╔══

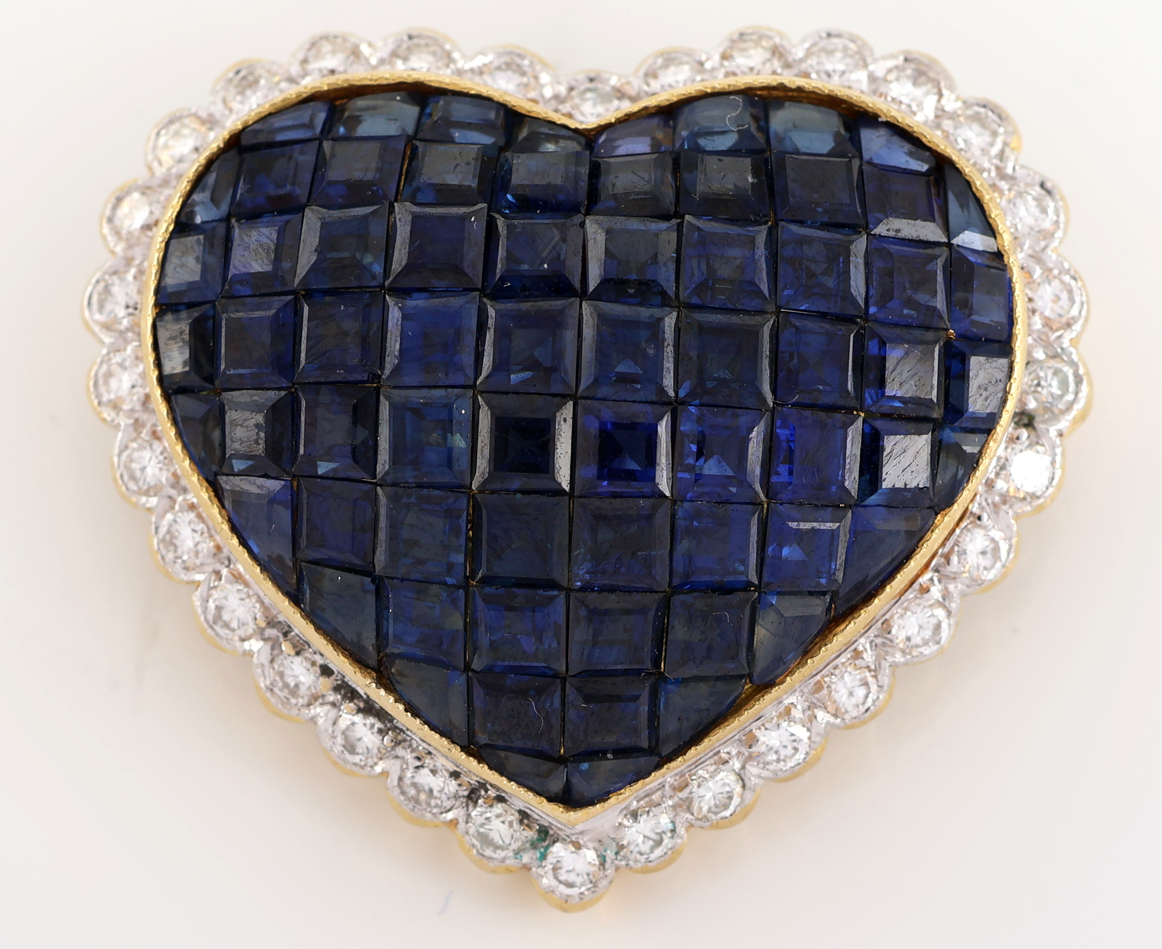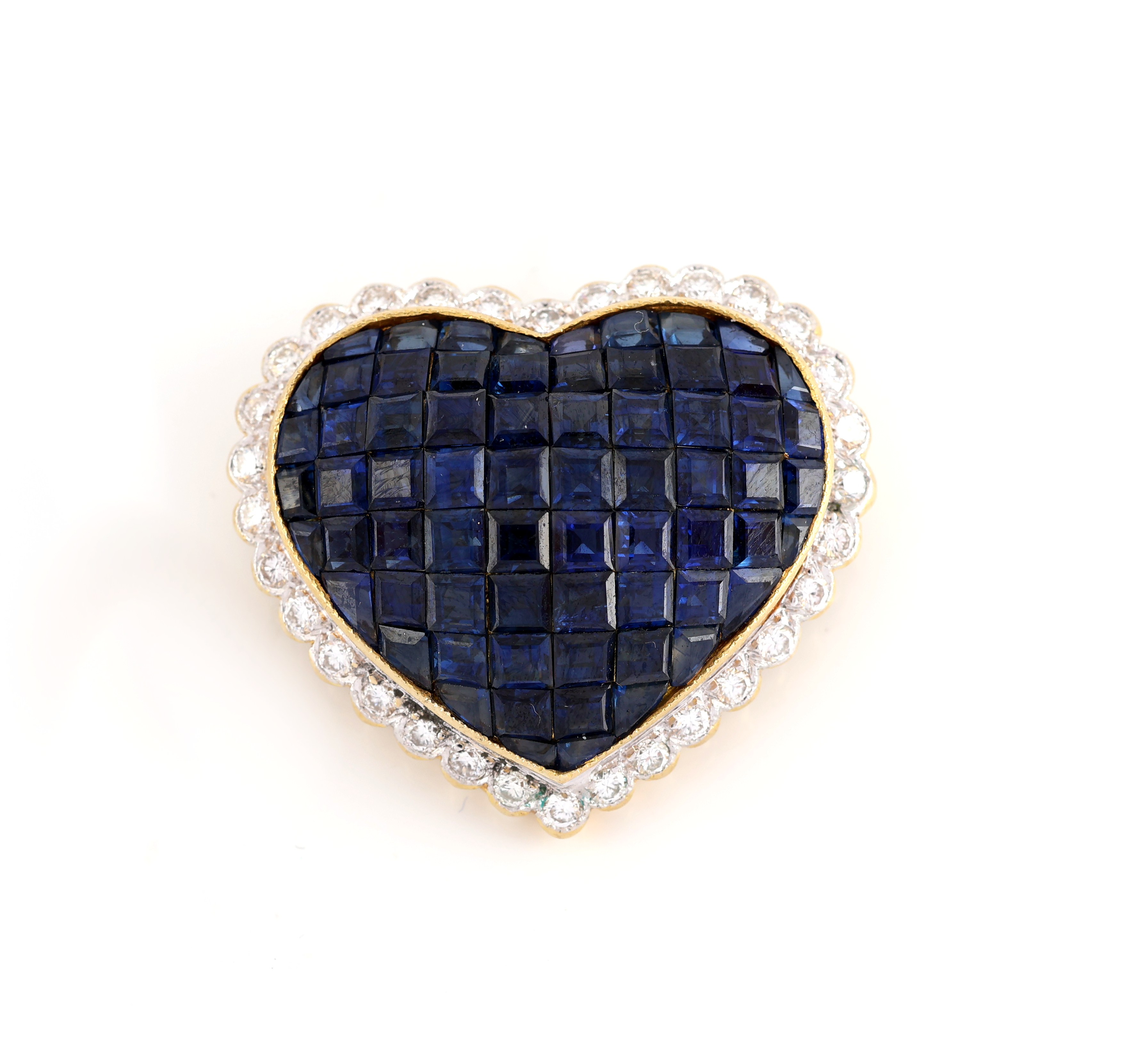 18 kt Gold Saphir-Brillant-Anhänger, GG 750/000, Herz, 68 eingeschliffene Saphire
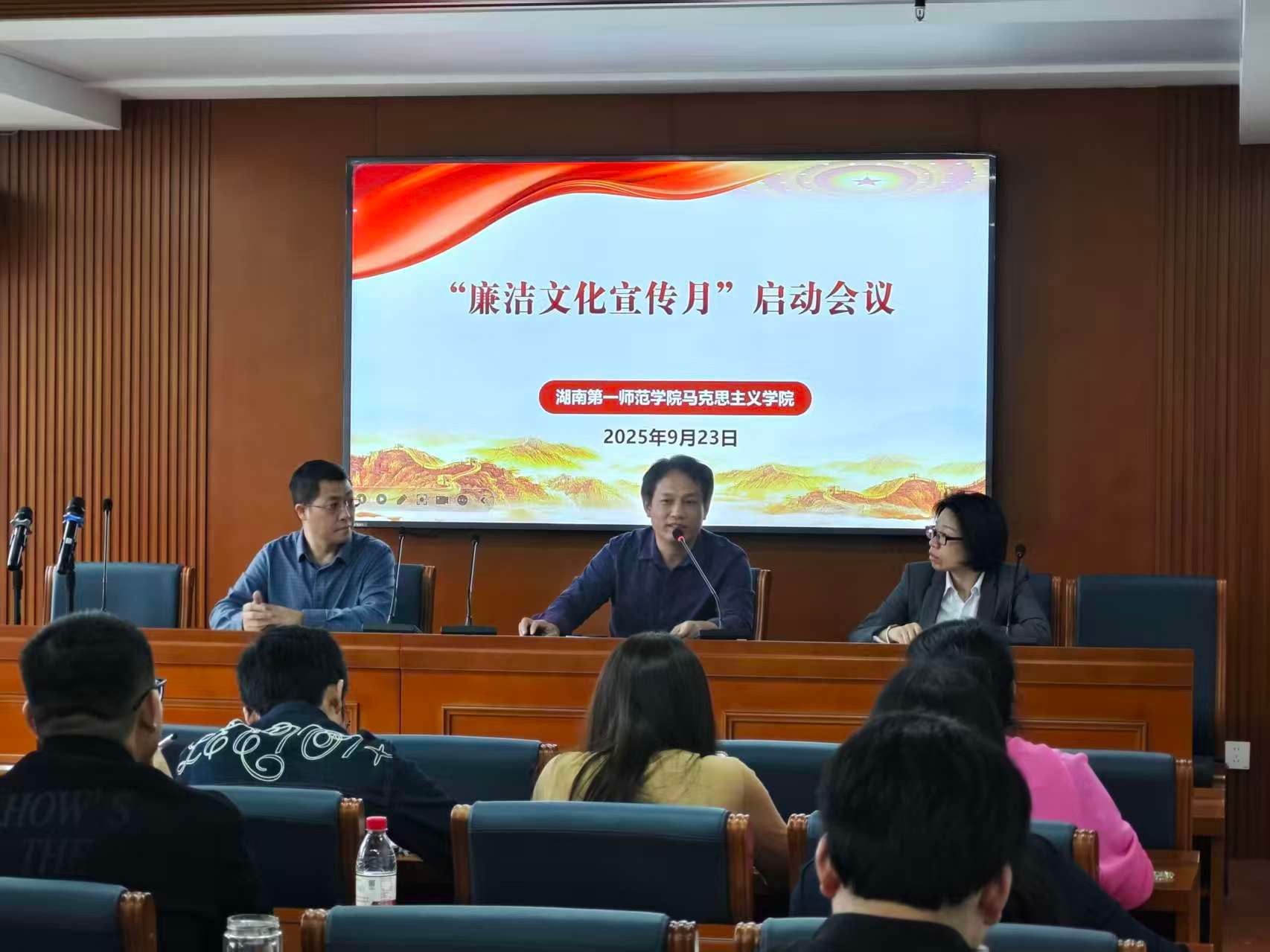 为深入贯彻落实全面从严治党要求,扎实推进清廉校园建设,9月23日,公司在百熙楼1013隆重召开2025年“廉洁文化宣传月”启动会。会议由公司党委书记曾玉华主持,公司党政领导班子、全体教职员工参加,拉开了为期一个月的廉洁文化系列主题教育活动的序幕。
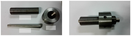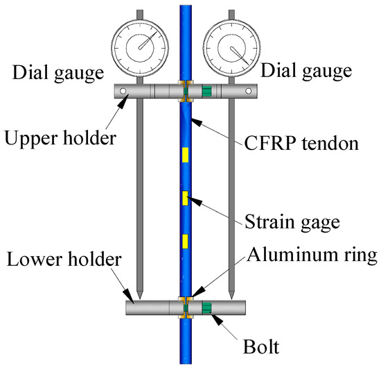 To measure the strain of the specimen over a long observation period, a dedicated device was used as shown in Figure 4. This device contains an upper holder, a lower holder, and two dial gauges. Both the upper holder and lower holder were divided into two symmetric parts which were connected and fixed to the tendon by bolts. As the CFRP tendon has a low transverse strength, two aluminum rings were installed between holder parts to wrap the tendon to prevent the specimen from being damaged by the extrusion force. The distance between the upper holder and lower holder was 220 mm and the dial gauges had a precision of 0.001 mm. So, the precision of this measurement device was calculated to be A = 0.001/220 = 44.5 × 10−6 = 4.5 με. To verify the reliability of this device, three strain gauges were attached to the middle of the first specimen. The data obtained from both the device and the strain gauges were recorded during the loading process. The comparison showed that the deviation between these two data sets was less than 5%, demonstrating the efficiency of this strain measurement device.
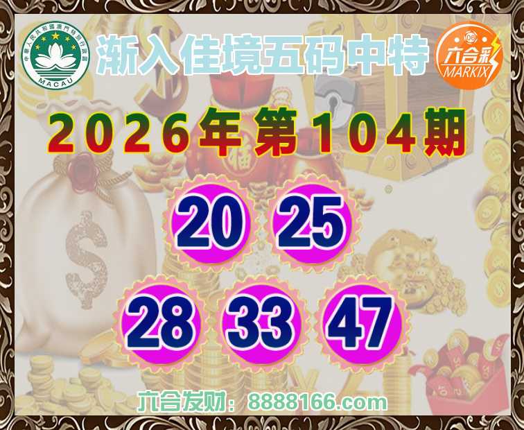 104期: 渐入佳境  ♣️五码中特 ♣️【20.25.28.33.47】开:01
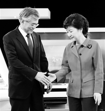12月16日,在韩国首尔,韩国新国家党总统候选人朴槿惠(右)和民主统合党总统候选人文在寅在电视辩论前握手。
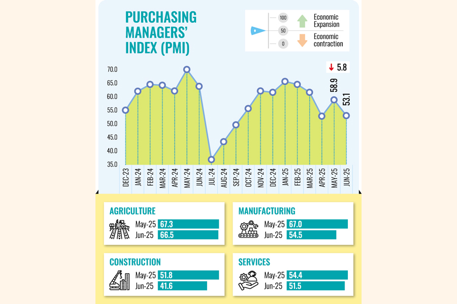 Bangladesh's Purchasing Managers' Index (PMI) fell sharply by 5.8 points in June 2025, indication a 'notable' slowdown in its industrial and business activities, according to data released on Monday.
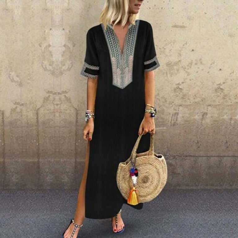 Es sind Größen von M bis XL erhältlich. Probieren Sie das schöne Kleid mit Schlitz, in dem Sie sich auch bei höheren Temperaturen wohlfühlen werden. Dieses Kleid lässt sich gut sowohl mit Sandalen als auch mit Ballerinas kombinieren. Bei uns ist der Versand immer kostenlos, sodass Sie bequem auswählen können!
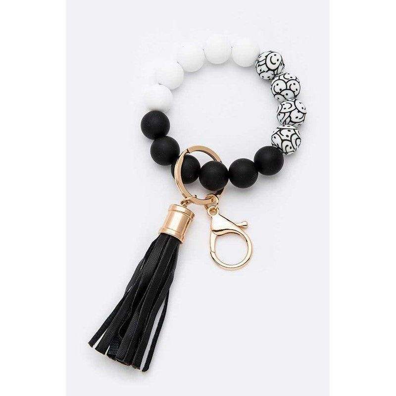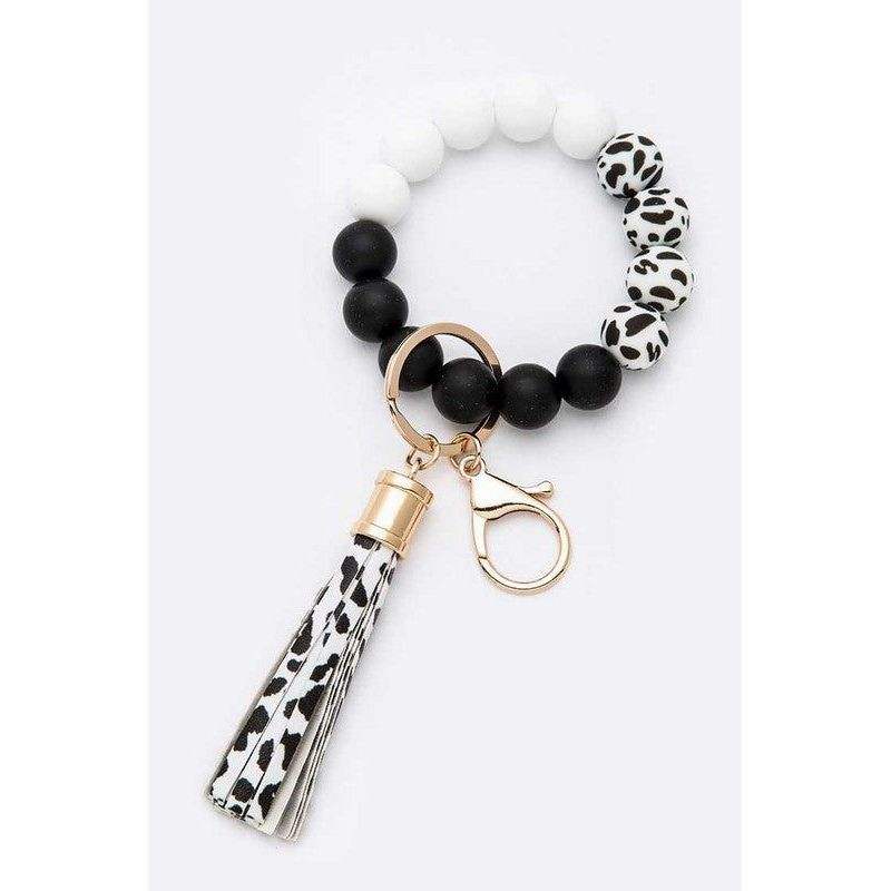 พวงกุญแจสร้อยข้อมือพู่ลูกปัดแก้วและโคมไฟคริสตัลพิมพ์ลายทำจากซิลิคอน
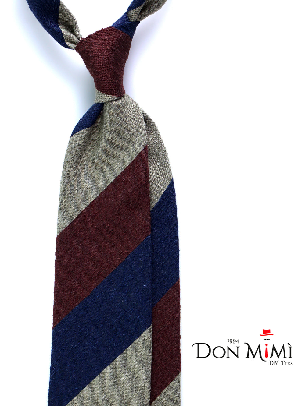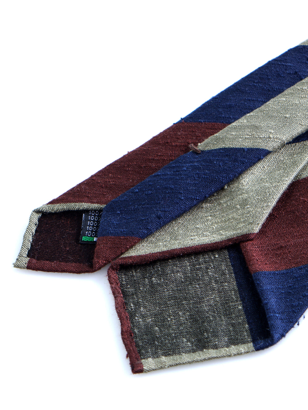 Cravatta 3 pieghe sfoderata verde chiaro/blu/marrone in seta shantung TRIGA
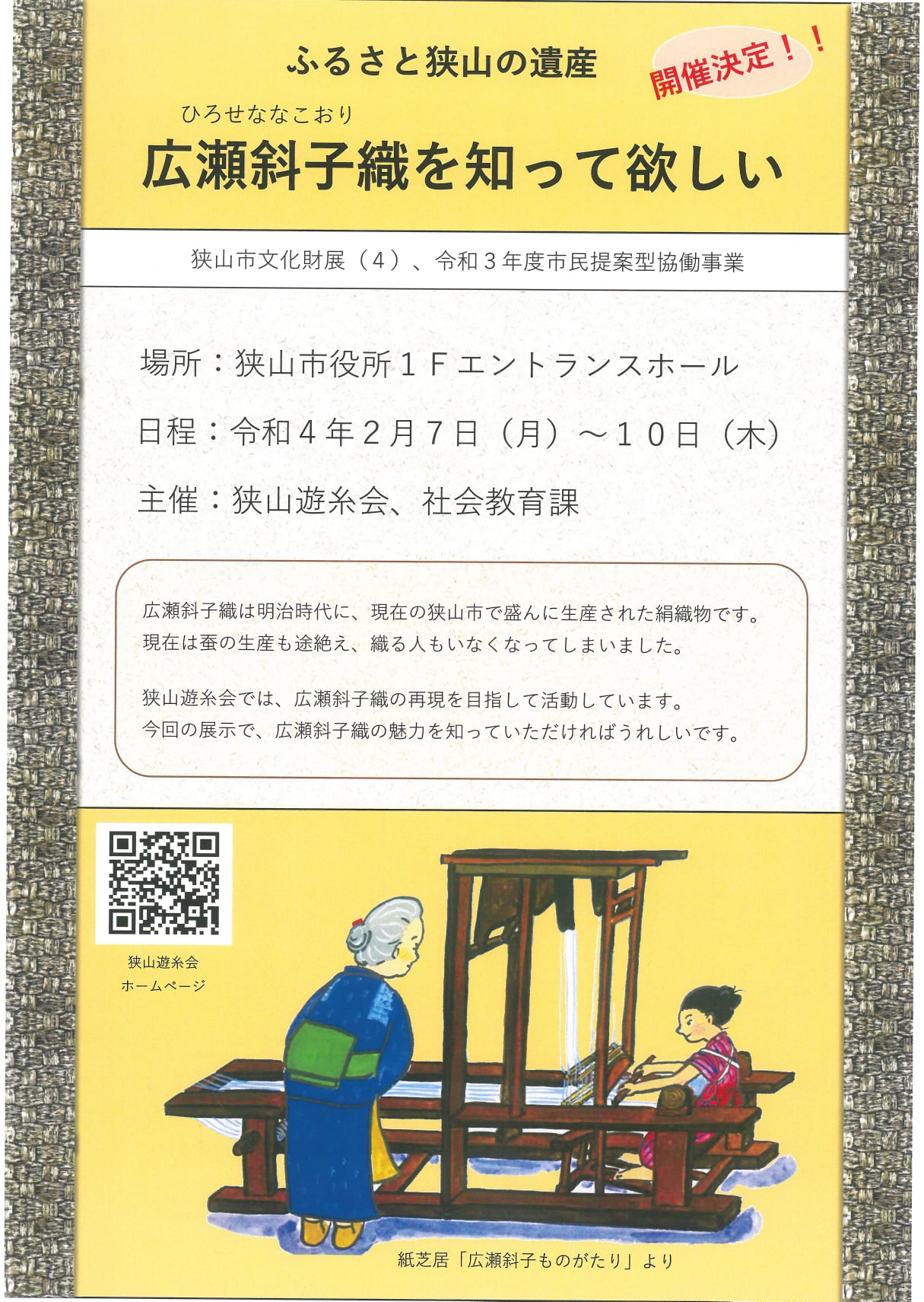 狭山市広瀬が【発祥】の織物 『斜子織(ななこ おり)』
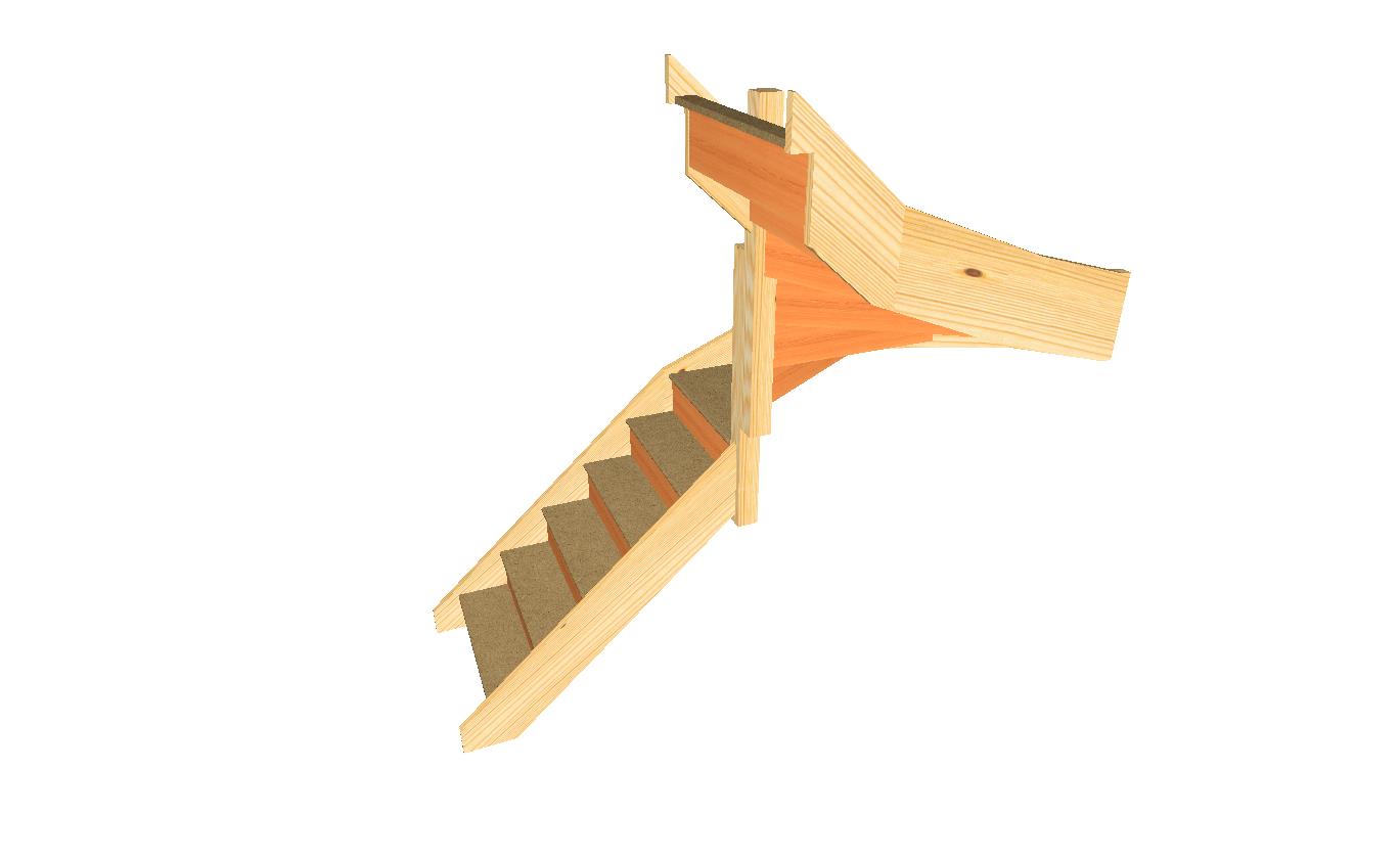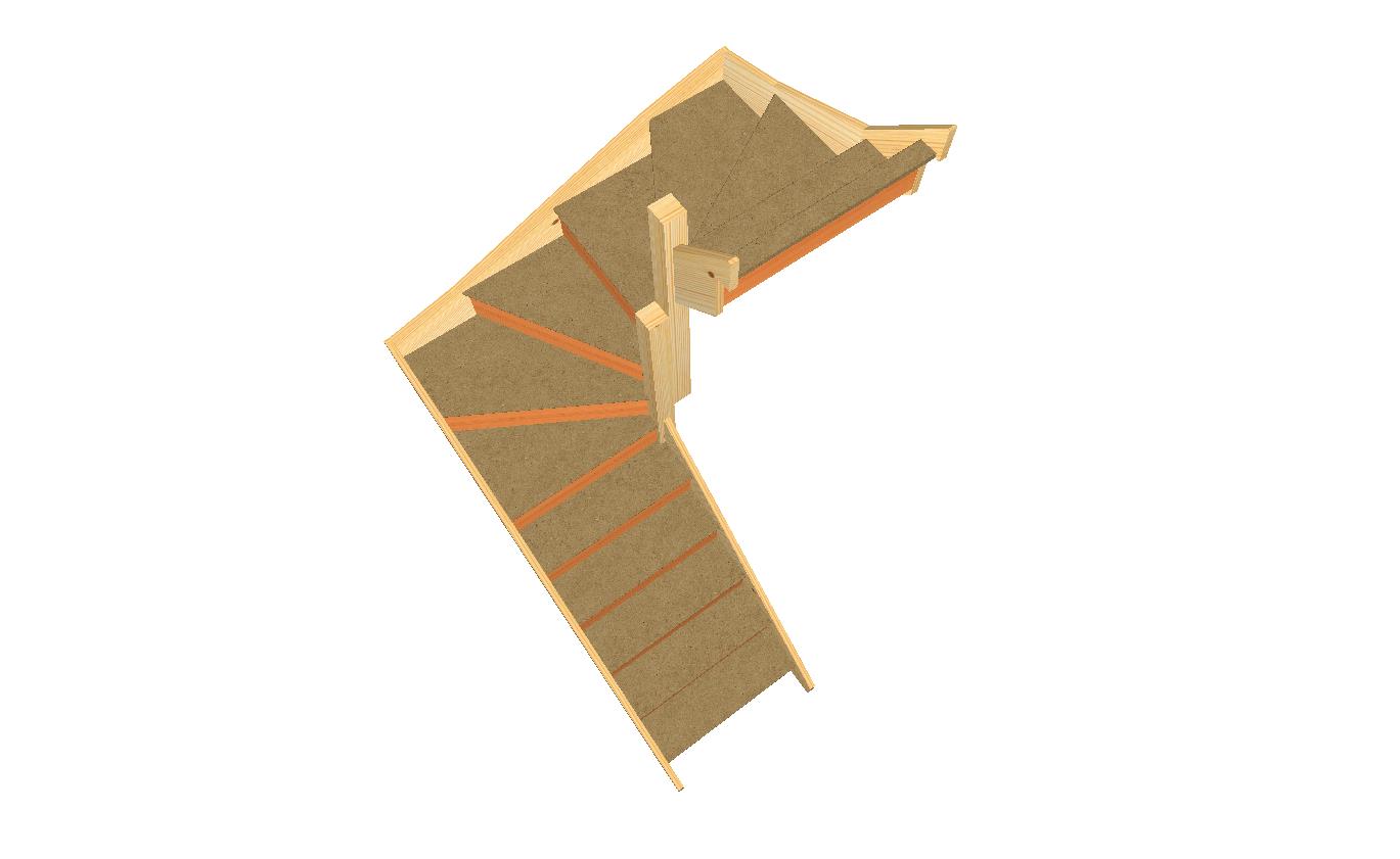 The S5W3W31N Right-Hand staircase is the most compact winding staircase layout within the Trade Range. By concentrating the direction change into the winder section, using five winder treads before the turn and one after, this layout allows the stair to reverse direction within an extremely limited footprint.

╚══

Could you output every record above exactly as written, leaving out the pictures?

> Output below:
 18 kt Gold Saphir-Brillant-Anhänger, GG 750/000, Herz, 68 eingeschliffene Saphire
 为深入贯彻落实全面从严治党要求,扎实推进清廉校园建设,9月23日,公司在百熙楼1013隆重召开2025年“廉洁文化宣传月”启动会。会议由公司党委书记曾玉华主持,公司党政领导班子、全体教职员工参加,拉开了为期一个月的廉洁文化系列主题教育活动的序幕。
 To measure the strain of the specimen over a long observation period, a dedicated device was used as shown in Figure 4. This device contains an upper holder, a lower holder, and two dial gauges. Both the upper holder and lower holder were divided into two symmetric parts which were connected and fixed to the tendon by bolts. As the CFRP tendon has a low transverse strength, two aluminum rings were installed between holder parts to wrap the tendon to prevent the specimen from being damaged by the extrusion force. The distance between the upper holder and lower holder was 220 mm and the dial gauges had a precision of 0.001 mm. So, the precision of this measurement device was calculated to be A = 0.001/220 = 44.5 × 10−6 = 4.5 με. To verify the reliability of this device, three strain gauges were attached to the middle of the first specimen. The data obtained from both the device and the strain gauges were recorded during the loading process. The comparison showed that the deviation between these two data sets was less than 5%, demonstrating the efficiency of this strain measurement device.
 104期: 渐入佳境  ♣️五码中特 ♣️【20.25.28.33.47】开:01
12月16日,在韩国首尔,韩国新国家党总统候选人朴槿惠(右)和民主统合党总统候选人文在寅在电视辩论前握手。
 Bangladesh's Purchasing Managers' Index (PMI) fell sharply by 5.8 points in June 2025, indication a 'notable' slowdown in its industrial and business activities, according to data released on Monday.
 Es sind Größen von M bis XL erhältlich. Probieren Sie das schöne Kleid mit Schlitz, in dem Sie sich auch bei höheren Temperaturen wohlfühlen werden. Dieses Kleid lässt sich gut sowohl mit Sandalen als auch mit Ballerinas kombinieren. Bei uns ist der Versand immer kostenlos, sodass Sie bequem auswählen können!
 พวงกุญแจสร้อยข้อมือพู่ลูกปัดแก้วและโคมไฟคริสตัลพิมพ์ลายทำจากซิลิคอน
 Cravatta 3 pieghe sfoderata verde chiaro/blu/marrone in seta shantung TRIGA
 狭山市広瀬が【発祥】の織物 『斜子織(ななこ おり)』
 The S5W3W31N Right-Hand staircase is the most compact winding staircase layout within the Trade Range. By concentrating the direction change into the winder section, using five winder treads before the turn and one after, this layout allows the stair to reverse direction within an extremely limited footprint.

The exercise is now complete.